The Ketchup Joke was a call to action for me. My sons are intelligent boys, good kids who love and respect their mom and their sister, their grandmothers, their female friends and teachers. But they, like other young Americans, are deeply impacted by the culture that they live in. Every day, children are exposed to an estimated 16,000 images through media that often portrays unhealthy and unrealistic stereotypes of both young men and women. Females are almost four times as likely as males to be shown in sexy attire. Kids are also powerfully influenced by their peers. While they’ve never heard their dad tell a joke like that at home, there’s no way to control what they hear from other kids. How can all this not impact the way that my sons view girls and women?

I know I can’t change the society that we live in. I cannot raise my sons—or my daughter—in a world where sexism and misogyny do not exist. Eliminating bias completely is not even really possible; whether we are conscious of it or not, we are all biased. It is part of our human nature. But I realized that day in the car that kids don’t learn through osmosis how to evaluate and analyze gender stereotypes. It’s great to have parents who model respect for women, but it’s not enough.

I realized that, in order to raise these boys to recognize the problem of sexism in our society, my husband and I would have to try our best to make them aware of the bias and sexism in the world around them.

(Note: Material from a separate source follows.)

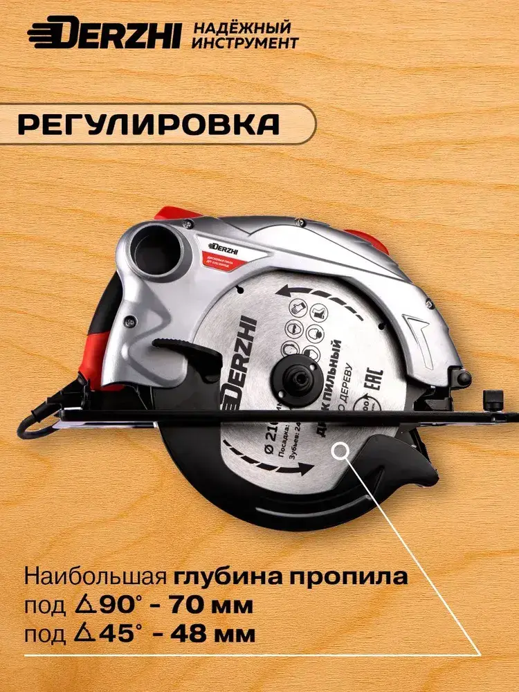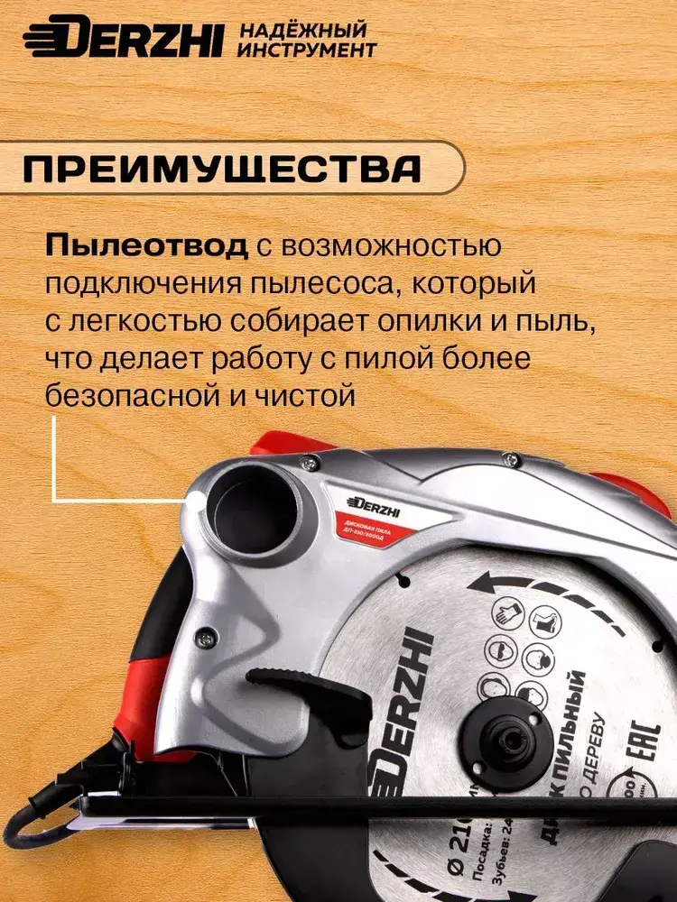 Дисковая пила циркулярная DERZHI 2000Вт, 4000 оборотов/мин
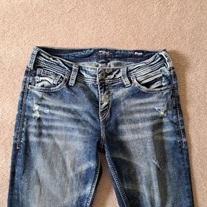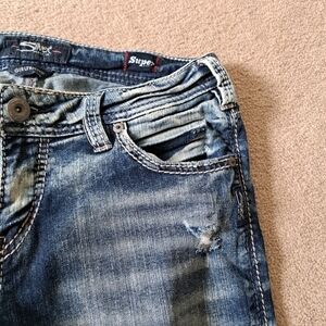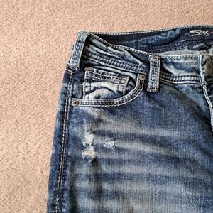 Silver Jeans Girlfriend Denim Blue Women's 28 Faded Distressed Stretch Casual

If we could help them start seeing it, then we could help them find other ways to address it.

Ever since the Ketchup Joke incident, I have been challenging my boys (and their sister) with honest conversations about gender and stereotypes. Every example I see in a TV show, commercial, music video, or advertisement becomes a teachable moment. We talk about gender-based violence in the news, whether it is the girls kidnapped in Nigeria or domestic violence by NFL players. I have tried to share with them my own firsthand experiences with being female in a sexist society, something which hasn’t always been comfortable for me.

My sons aren’t always excited to have these conversations, so I don’t push it. But I don’t give up, either. Raising boys not to be total jerks is a long-term process. But they seem to be independently commenting on stereotypes that they see in the media more. They’ve even called me out for saying something sexist on occasion—and they were correct. So I am hopeful.

Hopeful that their generation will move us closer to a world where men and women are treated with more respect and equality. And hopeful that each of my boys will one day be men who, instead of chuckling when they hear a sexist joke, will speak up and say, “I don’t think that joke is funny.”

Jennifer Prestholdt is a human rights lawyer, wife and mother of three.